Подошедший Мартин, которому нажаловалась Алма, разбил пареньку нос, и тот с воем убежал. Вокруг послышался смех других детей. Моя детская наивность не позволила мне разобраться в ситуации, мне показалось, что старший брат нас защищает, и я уже было хотела его поблагодарить, но он меня опередил.

— Не приходи сюда, Эль, — жестко сказал он. — Не хочу, чтобы из-за тебя над нашей семьей смеялись. Играй дома.

Как же так? Я растерянно смотрела по сторонам и ни в ком не находила поддержки. Брайди по-прежнему посмеивалась, двойняшки отводили глаза в сторону, а суровый взгляд брата не оставлял надежды, что мне будет позволено остаться. Но это же нечестно! Тот грязный мальчишка с дыркой на коленке, который обзывал меня, куда больше сам походил на бродягу, чем я, пусть в стареньком, но чистом отглаженном платье и с красивым бантом. Почему он так обо мне говорил? Не понимая причины такого ко мне отношения, тем не менее, я особенно остро ощущала именно несправедливость происходящего. Мне ужасно не хотелось уходить, но авторитет старшего брата и его непреклонный вид не позволили мне даже попросить остаться.
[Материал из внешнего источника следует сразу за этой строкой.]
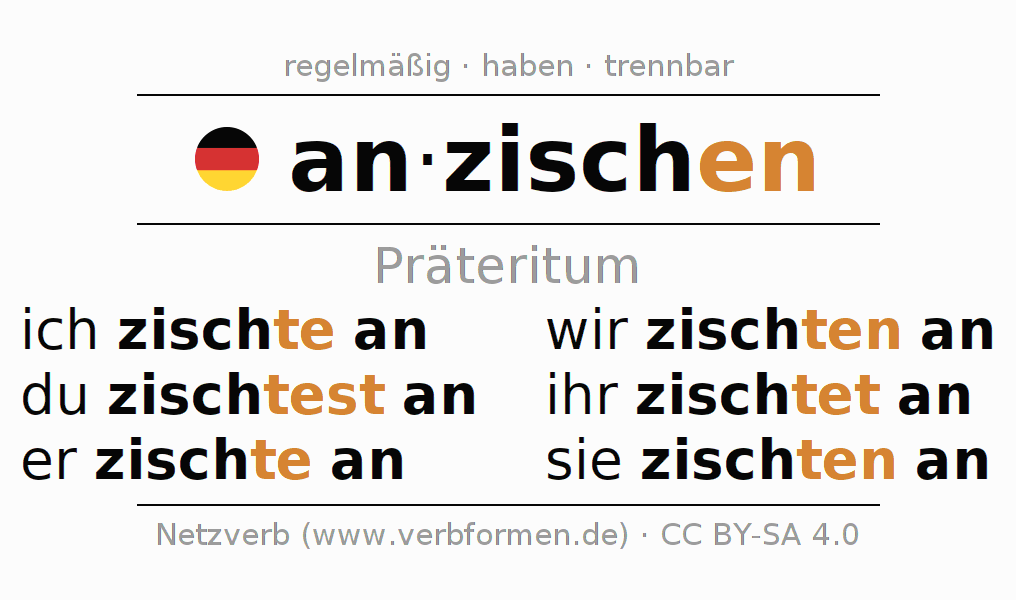 Das Verb anzischen vollständig in allen Personen und Numeri im Präteritum Indikativ konjugiert

Вернувшись домой, не сдержавшись, размазывая по лицу слезы, я впервые пожаловалась маме на горькую и незаслуженную обиду. Я просто не понимала, почему меня выгнали, слова мальчишки и заявление брата были для меня лишены всякого смысла. Чем я хуже других детей? Глядя на мои слезы и слушая жалобные вопросы, крайне расстроенной произошедшим маме пришлось рассказать о моем рождении.

Так я узнала правду, повлиявшую на всю мою дальнейшую жизнь в этой семье.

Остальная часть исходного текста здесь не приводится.